● **ACTION ITEM**: Copy the records below exactly, starting at the line that contains "从之后的走势看,黄金小幅回落" and ending at the line that contains "Biology 203: Final"; leave out any pictures.

● **INPUT**:
::::

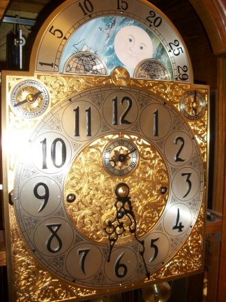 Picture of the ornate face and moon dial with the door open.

::::

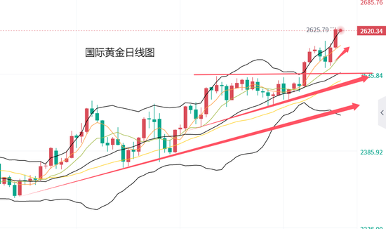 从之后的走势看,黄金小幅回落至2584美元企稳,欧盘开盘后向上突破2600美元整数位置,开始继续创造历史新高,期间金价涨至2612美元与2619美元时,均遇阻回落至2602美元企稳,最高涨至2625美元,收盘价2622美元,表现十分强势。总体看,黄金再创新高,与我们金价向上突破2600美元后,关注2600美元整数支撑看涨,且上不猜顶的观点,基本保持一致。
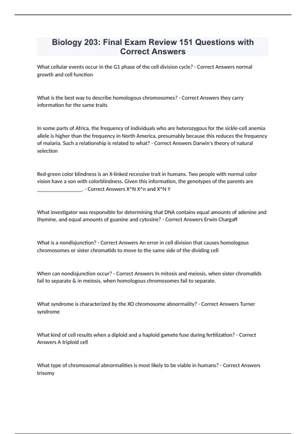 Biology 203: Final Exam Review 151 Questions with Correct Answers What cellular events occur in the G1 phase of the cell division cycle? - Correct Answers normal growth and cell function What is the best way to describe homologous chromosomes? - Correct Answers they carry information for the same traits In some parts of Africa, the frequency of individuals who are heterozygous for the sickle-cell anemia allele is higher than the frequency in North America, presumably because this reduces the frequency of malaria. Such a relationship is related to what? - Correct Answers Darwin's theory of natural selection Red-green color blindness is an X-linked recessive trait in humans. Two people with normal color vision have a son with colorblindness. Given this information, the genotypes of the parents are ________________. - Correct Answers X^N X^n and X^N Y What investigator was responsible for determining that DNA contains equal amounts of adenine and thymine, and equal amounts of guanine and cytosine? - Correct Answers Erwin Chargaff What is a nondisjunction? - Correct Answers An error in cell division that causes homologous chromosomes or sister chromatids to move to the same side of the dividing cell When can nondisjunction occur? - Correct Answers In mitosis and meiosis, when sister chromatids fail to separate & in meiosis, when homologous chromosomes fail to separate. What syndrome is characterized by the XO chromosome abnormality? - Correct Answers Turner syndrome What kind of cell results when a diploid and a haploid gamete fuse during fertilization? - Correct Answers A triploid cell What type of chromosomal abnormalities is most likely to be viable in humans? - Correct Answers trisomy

::::

● **ANSWER**:
 从之后的走势看,黄金小幅回落至2584美元企稳,欧盘开盘后向上突破2600美元整数位置,开始继续创造历史新高,期间金价涨至2612美元与2619美元时,均遇阻回落至2602美元企稳,最高涨至2625美元,收盘价2622美元,表现十分强势。总体看,黄金再创新高,与我们金价向上突破2600美元后,关注2600美元整数支撑看涨,且上不猜顶的观点,基本保持一致。
 Biology 203: Final Exam Review 151 Questions with Correct Answers What cellular events occur in the G1 phase of the cell division cycle? - Correct Answers normal growth and cell function What is the best way to describe homologous chromosomes? - Correct Answers they carry information for the same traits In some parts of Africa, the frequency of individuals who are heterozygous for the sickle-cell anemia allele is higher than the frequency in North America, presumably because this reduces the frequency of malaria. Such a relationship is related to what? - Correct Answers Darwin's theory of natural selection Red-green color blindness is an X-linked recessive trait in humans. Two people with normal color vision have a son with colorblindness. Given this information, the genotypes of the parents are ________________. - Correct Answers X^N X^n and X^N Y What investigator was responsible for determining that DNA contains equal amounts of adenine and thymine, and equal amounts of guanine and cytosine? - Correct Answers Erwin Chargaff What is a nondisjunction? - Correct Answers An error in cell division that causes homologous chromosomes or sister chromatids to move to the same side of the dividing cell When can nondisjunction occur? - Correct Answers In mitosis and meiosis, when sister chromatids fail to separate & in meiosis, when homologous chromosomes fail to separate. What syndrome is characterized by the XO chromosome abnormality? - Correct Answers Turner syndrome What kind of cell results when a diploid and a haploid gamete fuse during fertilization? - Correct Answers A triploid cell What type of chromosomal abnormalities is most likely to be viable in humans? - Correct Answers trisomy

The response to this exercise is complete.